Weekend Box Office: Oh, Baby
Okay, fine: The No. 1 movie in America last weekend was Despicable Me 3. Kids still go crazy for those Minions. Are you happy now? However, although it topped the domestic box office, Despicable Me 3 still experienced something of a soft opening, pulling in $10 million less than its predecessor did on its opening weekend.
The real success story of the week is Edgar Wright’s Baby Driver, which zoomed into No. 2 with $21 million; that’s more than double Scott Pilgrim Vs. The World’s $10.6 million opening weekend, putting Baby Driver well on its way to becoming Wright’s biggest movie yet. Even more impressive, it did so despite opening in 1,000 fewer theaters than its closest competition, Transformers: The Last Knight, which dropped a precarious 62 percent in its second weekend to come in at No. 3. The yawning chasm between the two films’ Rotten Tomatoes scores (97 percent and 15 percent, respectively) may have contributed to their varying fortunes—or maybe after five movies’ worth of KRRRRANGgggggggggFFFPhiiTtttrrrrrrrrrrBWOMP, Optimus Prime and company have simply given America a migraine.
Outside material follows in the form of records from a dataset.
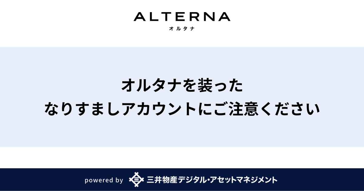 このアカウントは、オルタナのロゴや名称を無断で使用し、あたかも当社の公式アカウントであるかのように装っています。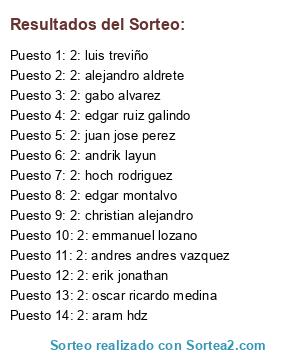 Lista de participantes: 2: hoch rodriguez, 2: juan jose perez, 2: edgar montalvo, 2: gabo alvarez, 2: emmanuel lozano, 2: erik jonathan, 2: andrik layun, 2: luis treviño, 2: alejandro aldrete, 2: edgar ruiz galindo, 2: andres andres vazquez, 2: christian alejandro, 2: aram hdz, 2: oscar ricardo medina.
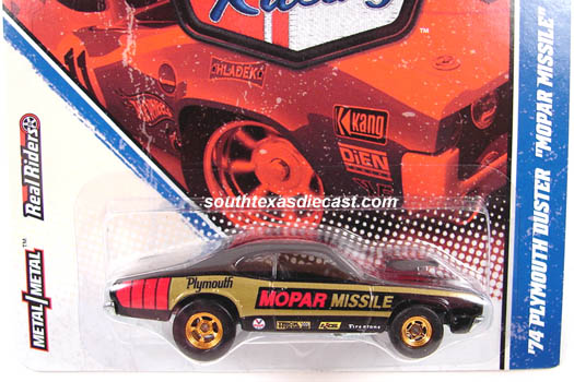 Black, w/Race deco, Gold & Red stripes, 'Mopar Missile' on sides, Black Interior, Unpainted Thailand Base, w/GoldRRMag's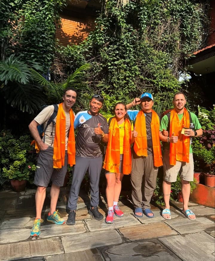 La montañista indicó que “salimos el 5 de septiembre y llegamos el 7 a Katmandú, donde estuvimos hasta el 9, que fue cuando nos reunimos con el sherpa que habíamos contratado, que tiene una empresa que se llama Adventure 14 Sammit, allí nos probamos los monos de pluma, nos explicó como sería la logística, y ese día salimos para el campo base“.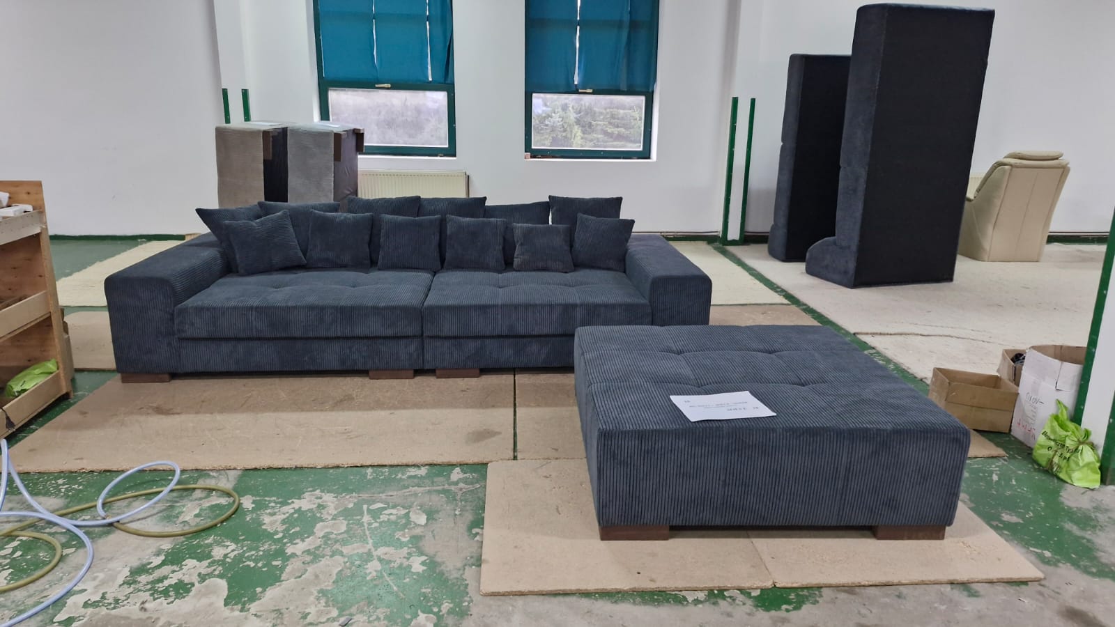| Riesiges Big Sofa mit Hocker und Kissen komplett, auch in Cordstoff Federkern und Komfortschaum, aufwendige Steppnähte, Maße 300cm x140cm +Hocker 120x120cm Preis ab Lager Löhne komplett nur 599,-€ bei Selbstabholung Bezug Cord | |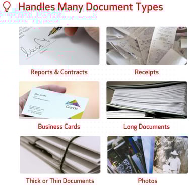 Reliably handles many different document types: Receipts, photos, business cards, reports, contracts, long documents, thick or thin documents, and more

The other major new release this week was Warner Bros.’ R-rated comedy The House, which limped in at No. 6 with a $9 million opening weekend. Between this and the lackluster performance of Sony’s Bridesmaids/Weekend At Bernie’s mashup Rough Night a few weeks back—not to mention poor showings for Baywatch and Snatched earlier in the summer—Variety is already ringing the death knell for raunchy R-rated comedies. That narrative is complicated by a little movie called The Little Hours, though, which made $61,560 on two screens for the weekend’s best per-theater average. The relatively tame, but still R-rated, The Big Sick also continues to do healthy business (har har) in limited release, experiencing a nearly 300 percent increase in business as it expanded in its second week.
In much bigger business, Wonder Woman continues to lasso up impressive amounts of cash, pulling in another $16.1 million domestically (and $13.6 million internationally) in its fifth weekend to solidify its place as the DCEU’s biggest movie yet, and the third-biggest movie based on a DC superhero, period. It‘ll face a challenge this coming weekend, though, from Sony’s Spider-Man: Homecoming, which has the added benefit of being Spidey’s first feature-length adventure within the Marvel Cinematic Universe.